Are You really sufficient
When my cup can’t hold any more?
Are You really enough
When I’m empty?
When I sin
Are You still the One
Who ransoms?
When I’m lost
Are You still
the Good Shepherd?
And when I long
for a husband
Are you still my bridegroom?
Jesus are you?
Are you really enough?
How can I do this?
I’m dying inside?
Are you still my life?
I don’t feel it
Are you still interceding?
How I need it
Jesus, my Saviour
Jesus, my Lord
Jesus, my Lover
Jesus, my Life
I need it, I need You
Help!


Hope in God

For the past few months I’ve been contemplating the concept of hope. Hope is such an elusive thing to my mind. When I try to define hope, more than often I come up short. Hope is expectation, anticipation. Yes. That’s true; but that’s not definitive. Hope is believing, knowing and acting in accordance with that belief. Yes. That too is true, but more apt in describing faith than hope. But what then is hope?

If I were asked to describe my concept of hope as of right now, I would describe it in this way: In Luke 8:22-25, a great storm rises over the lake and the disciples wake a sleeping Jesus, saying, “Master, we are perishing.” Like men who had no hope, they panicked in the face of the storm. Jesus, on the other hand, personifies hope–as the storm passed, He was resting in the back of the boat, secure in the arms of Almighty God.

Hope is the faith that sits back and lets God do His work. It is the trust that rests in His arms when every earthly shelter fails. It is the faith that, rather than jumping to take on God’s tasks, stands back and lets Him complete it without our having to be in control. If faith is what enables us to step out when God says “Go” not knowing where our destination will be; then hope is what enables us to relax as we take the step, certain that whatever we may encounter on the journey, the end is beyond our wildest dreams.

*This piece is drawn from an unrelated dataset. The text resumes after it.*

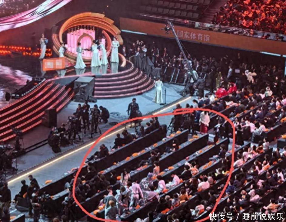 按常理来讲,能坐在第二三排的明星,在娱乐圈的地位肯定不一般,但座位突然被调换,很多明星感觉没受到尊重,便都选择不坐,拒绝入席。从现场视频能明显看出,杨幂上去领奖那会儿,明星坐的区域里几乎都没人坐着。

Within the approximately 15 Greek and Hebrew words that are translated hope, three common threads can be discerned. The first element of hope is trust–the words betach, batach, bittachon, kesel, mibtach, chul, yachal, chasah, and elpis all carry this connotation. The second element of hope is anticipation–miqveh, seber, tocheleth, and tiqvah allude to this. The third element of hope is rest–displayed in the definitions of the words machseh and chasah (refuge), and in the definitions of seber, chul, yachal, sabar (meaning “to stay” or “to wait upon.”) These elements are never more clearly seen than in the Psalms, in which nearly a fifth contain hope and its corollaries as a major theme.